We're only using objects with flags=0 in both the g and i bands. And the color scaling in each histogram is logorithmic.


It would appear that, for objects with very large g- and i-band position problems, SExtractor is doing a good job of warning us that the photometry is bad; as Eli suggested yesterday, the photometry for these guys is more or less fine, as long as you take the reported errors seriously.

However, objects with position offsets in the 0.1-1" range seem to have dangerously large photometry errors. And there's a population of things with exceptionally well-measured positions (0.01-0.1" offsets) whose magnitude errors are drastically under-estimated. Peter suggests that these may be objects that fall across mask boundaries (but are somehow not flagged).

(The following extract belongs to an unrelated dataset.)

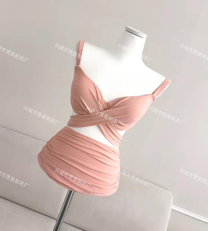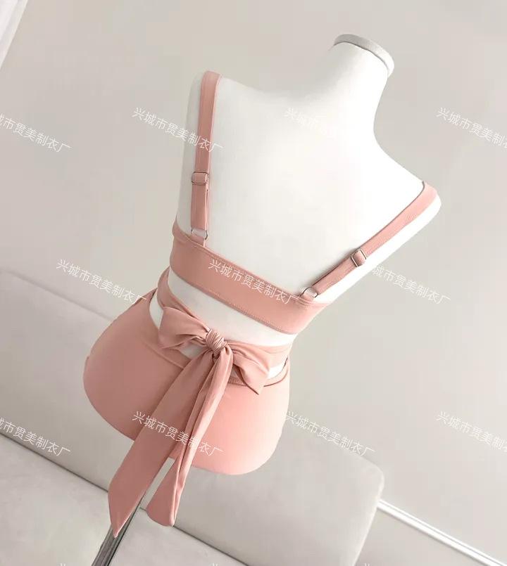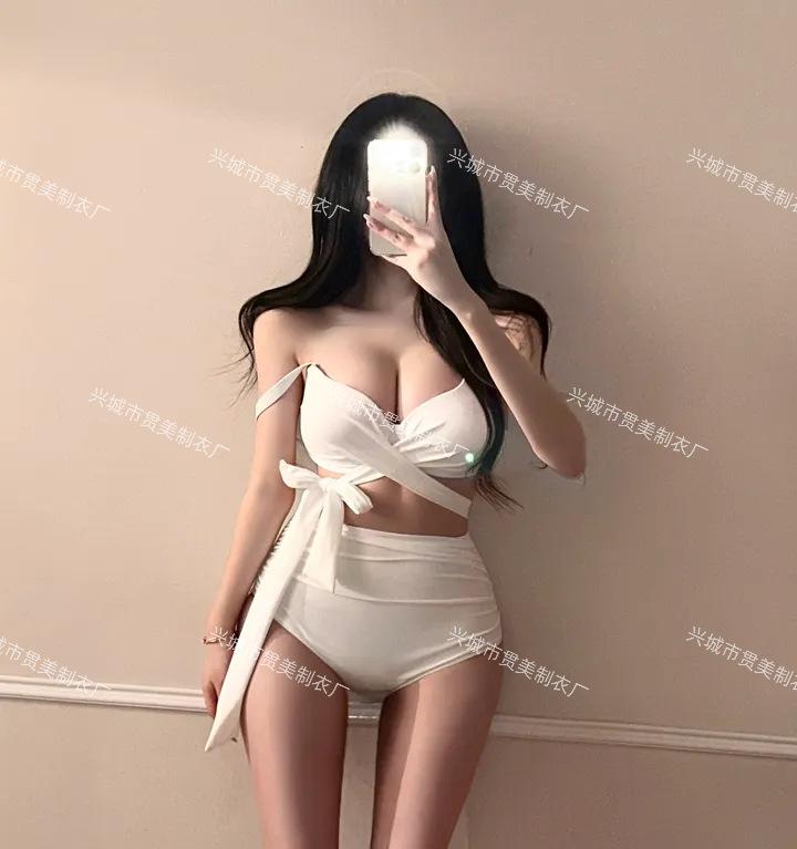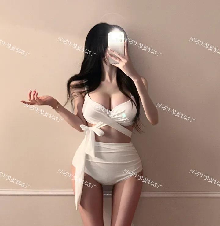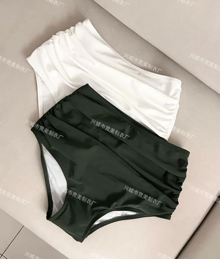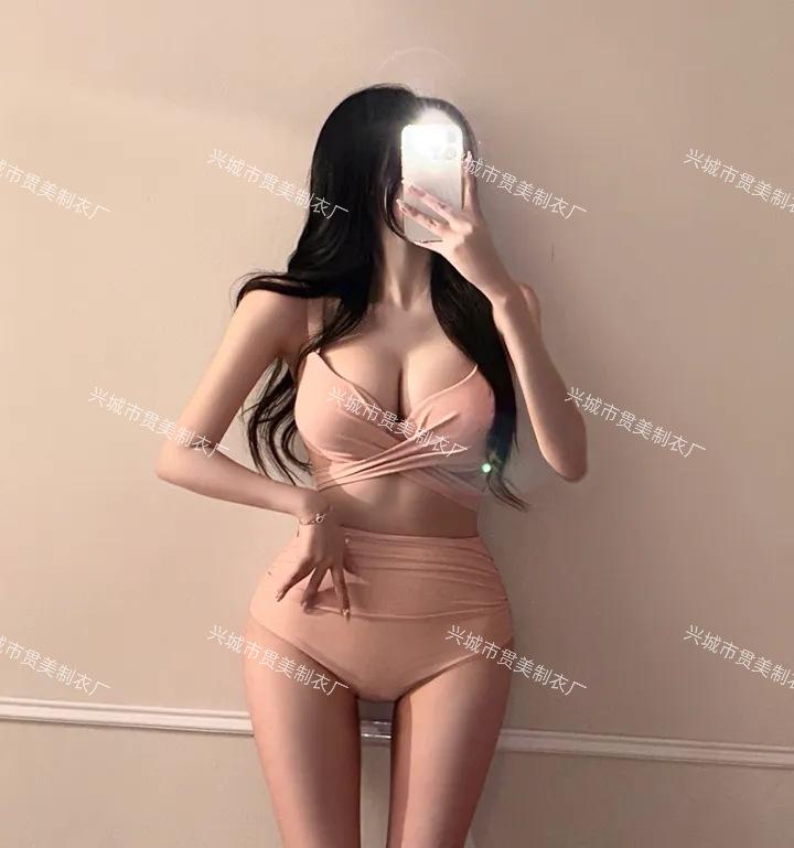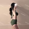 [4 colores] Nuevo bikini estilo coreano con soporte de acero y pecho pequeño fruncido, color sólido, tiro alto, traje de baño de playa para mujer
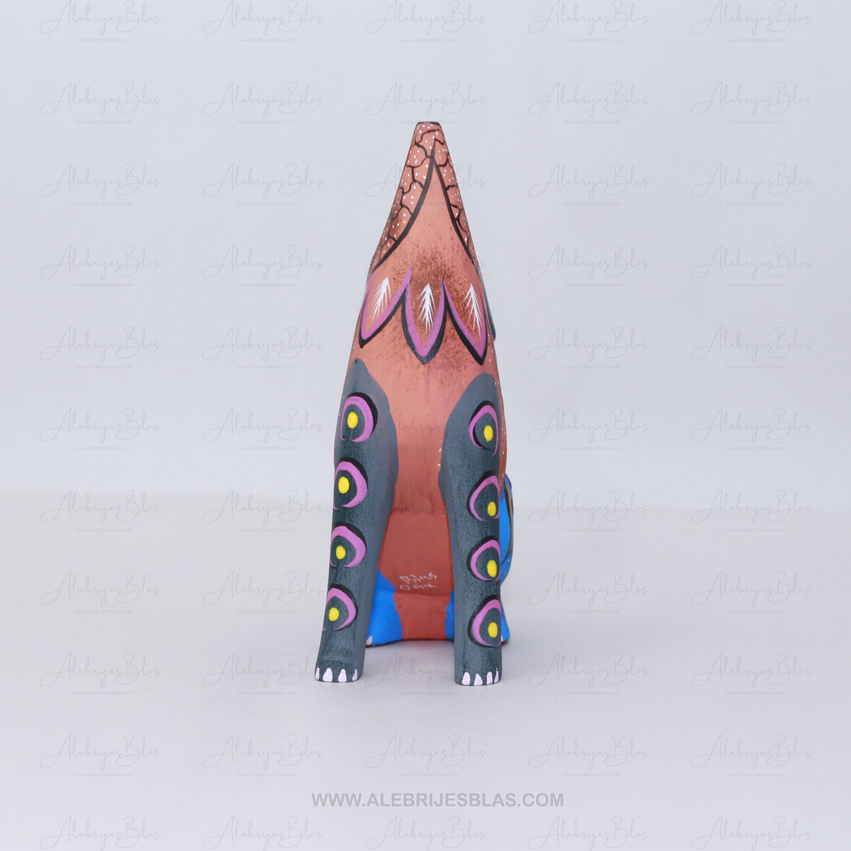 Las figuras de madera (actualmente nombradas tonas y nahuales), son artesanías mexicanas del estado de Oaxaca, seres imaginarios conformados por elementos fisionómicos de animales diferentes, una combinación de varios animales, no solo fantásticos sino también reales que forman un ser alucinante. En cada Alebrije plasmamos nuestro corazón, nuestra historia y la herencia cultural de nuestros ancestros zapotecas, con la única finalidad de brindar piezas únicas.Este Alebrije tiene colores muy pintorescos y llamativos al puro estilo oaxaqueño.

Here we excluded all Balrog objects inserted within 2" of a known DES source in either band. This removes most of the aforementioned issues, which suggests they're a blending problem; however, since we've already excluded objects flagged as blends, this suggests that there's a significant contaminant population of stealth blends, extending to very bright magnitudes.

Finally, we looked at what happens when you limit yourself to things with input magnitudes g<23. and r<23:

Here again, there's a (small) tail of heavily over-estimated magnitudes for position offsets of ~1". This histogram is much less well-populated, though, so I'm not sure if this is actually a smaller fraction of the total population.

The Balrog tables are in the database, if anyone wants to look at them; there are probably some plots you'd like to see that I haven't included.